Numa conjuntura política nacional plena de incidentes e controvérsias e quando estão a ser debatidos temas de importância capital para o nosso futuro coletivo imediato, a última coisa que me ocorreria é que alguém quisesse arrastar as Forças Armadas para mais uma polémica estéril e inútil.
No entanto, os últimos tempos têm sido pródigos em demonstrações de falta de sensatez, de comunicação institucional e até de recato com que determinados assuntos devem ser tratados.
Desta vez foi a polémica em torno da autorização para os paraquedistas entoarem o seu cântico motivacional, “Ó Pátria Mãe”, durante o desfile das unidades militares, no âmbito das comemorações do dia do Exército, em Aveiro.
O assunto parecendo pueril à primeira vista tem, contudo, contornos que são de evidenciar.
A polémica poderia e deveria ter sido evitada pela estrutura de comando, na medida em que deveria conhecer e antecipar sensibilidades e até aproveitamentos endógenos e exógenos.
Não o tendo feito, permitiu que um dia de festa, que deveria ser de homenagem ao nosso Exército e a todos aqueles que combateram, e aos muitos que deram a sua vida, pela defesa da Pátria, fosse manchado por uma questão que não só não faz sentido, como poderia ter sido facilmente evitada.

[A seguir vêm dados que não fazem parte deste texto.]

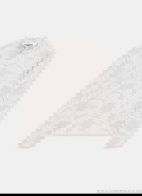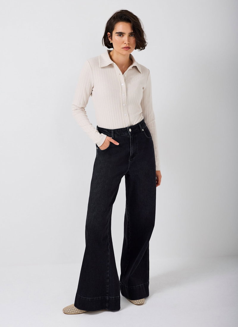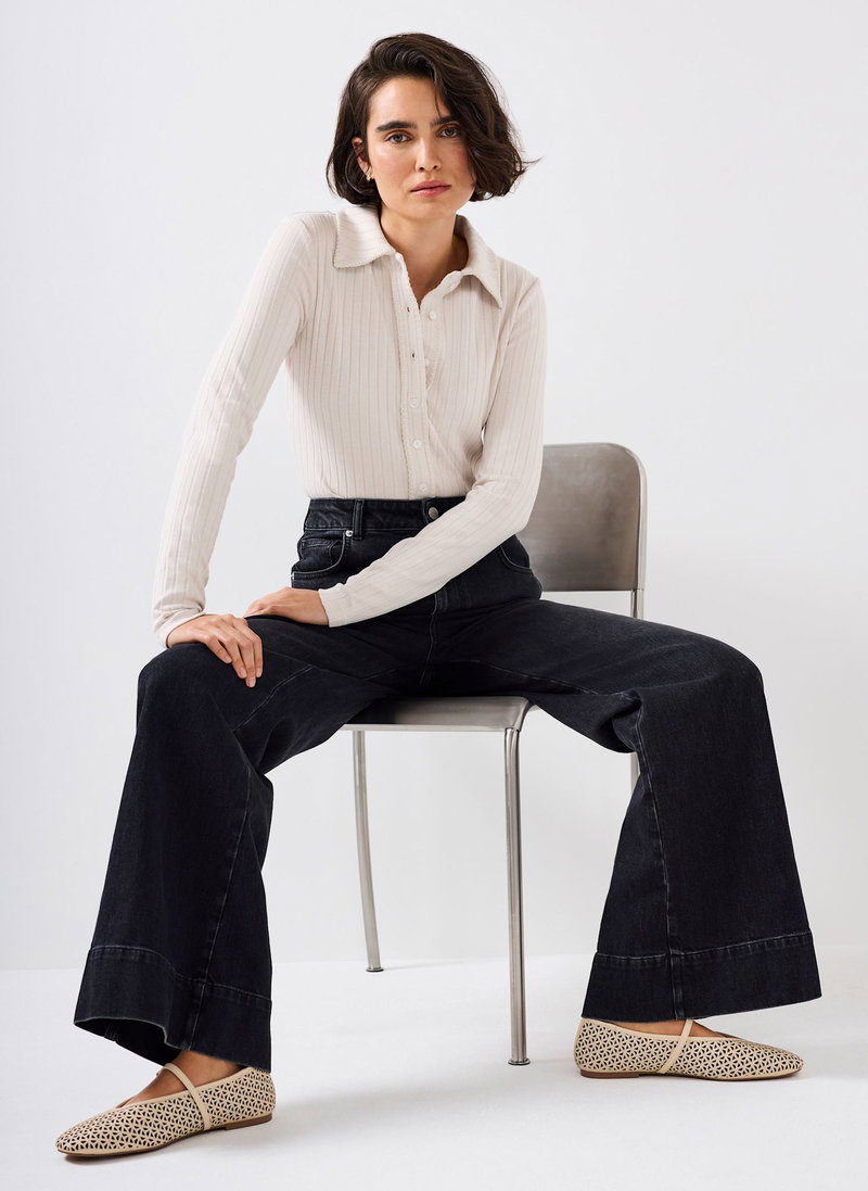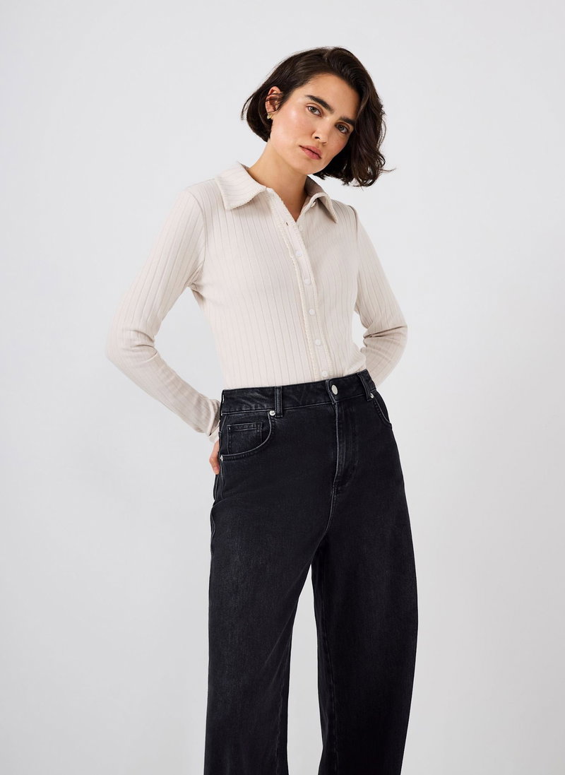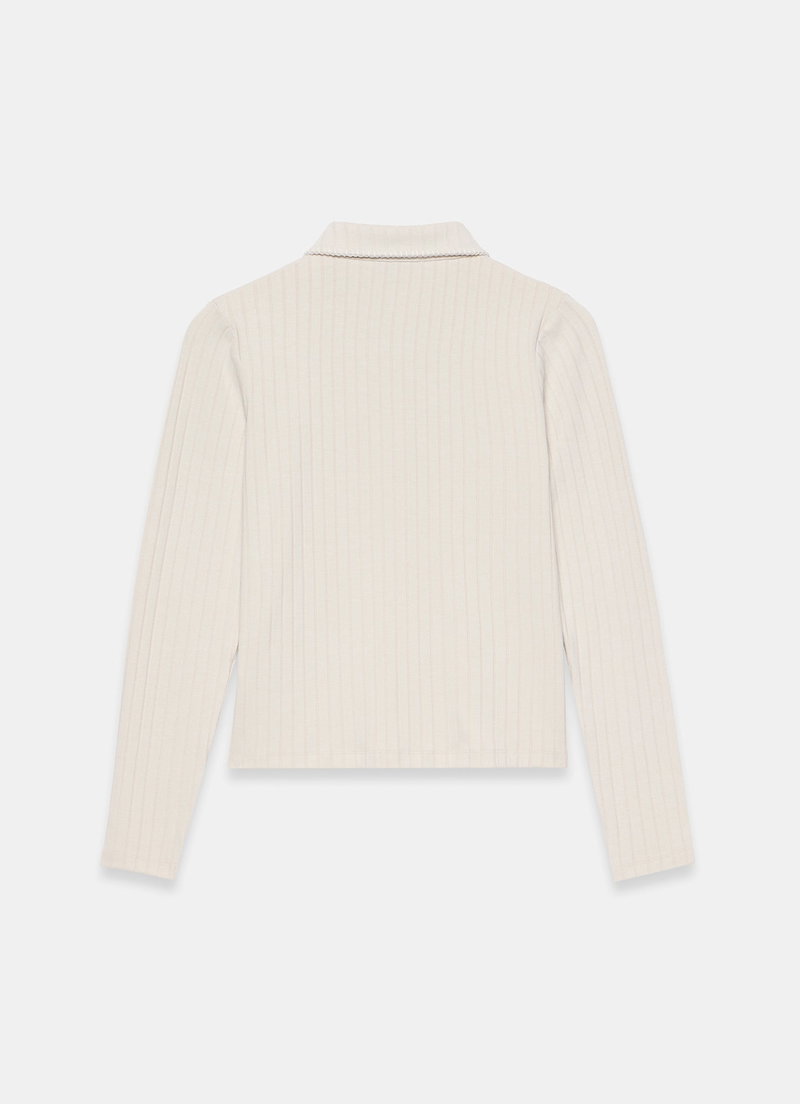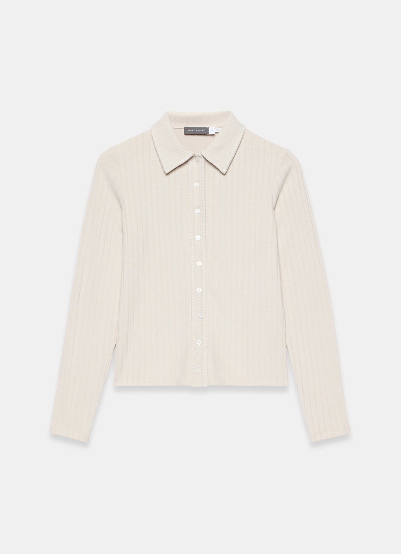 Neutral ribbed polo top featuring a classic collar, long sleeves, whipstitch detailing and button fastening through the front.

Esta situação terá sido particularmente injusta para o ministro da Defesa, que teve de suportar manifestações públicas excessivas por motivos, neste caso, a que seria fundamentalmente alheio. Já não é, aliás, a primeira vez. O ministro da Defesa, que conheci profissionalmente em funções passadas, e que tenho como um homem inteligente, sensato, cavalheiro e patriota, tem vindo a ter de suportar várias desconsiderações que não são aceitáveis.
Todos temos noção que a tradição destas unidades entoarem os seus cânticos em desfiles é relativamente recente e que tem uma componente motivacional, interna e externa, com um papel claramente lúdico para a população. O problema é que não importa se são tradições seculares ou de algumas décadas. A partir do momento em que se tornam tradições, vividas e sentidas, sobretudo neste contexto específico, é muito difícil mexer com elas.

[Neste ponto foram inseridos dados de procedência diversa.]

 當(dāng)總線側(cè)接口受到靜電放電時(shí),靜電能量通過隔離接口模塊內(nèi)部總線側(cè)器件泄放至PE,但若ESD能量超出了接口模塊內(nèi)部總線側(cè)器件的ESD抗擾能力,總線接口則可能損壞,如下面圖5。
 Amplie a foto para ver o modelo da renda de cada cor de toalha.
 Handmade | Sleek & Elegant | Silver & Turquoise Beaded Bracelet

Mas este incidente é, sobretudo, revelador de algum mal-estar existente nas Forças Armadas e também de uma dificuldade que permanece no seio do Exército, ao nível dos oficiais superiores, na relação com as designadas Forças Especiais.
Dificuldade essa que teve mais um de uma série de episódios que evidenciam essa tensão.
Não sei verdadeiramente a que se deve a mesma, se à dificuldade de alguns oficiais em aceitarem os símbolos distintivos dessas forças por evidenciarem um tipo de seleção e desempenho que outros não foram capazes de atingir, se ao próprio “bravado” dos elementos dessas unidades, se, ainda, à atribuição quase exclusiva a essas mesmas forças especiais das missões operacionais, algumas de combate efetivo, que o Exército português tem tido por missão desempenhar.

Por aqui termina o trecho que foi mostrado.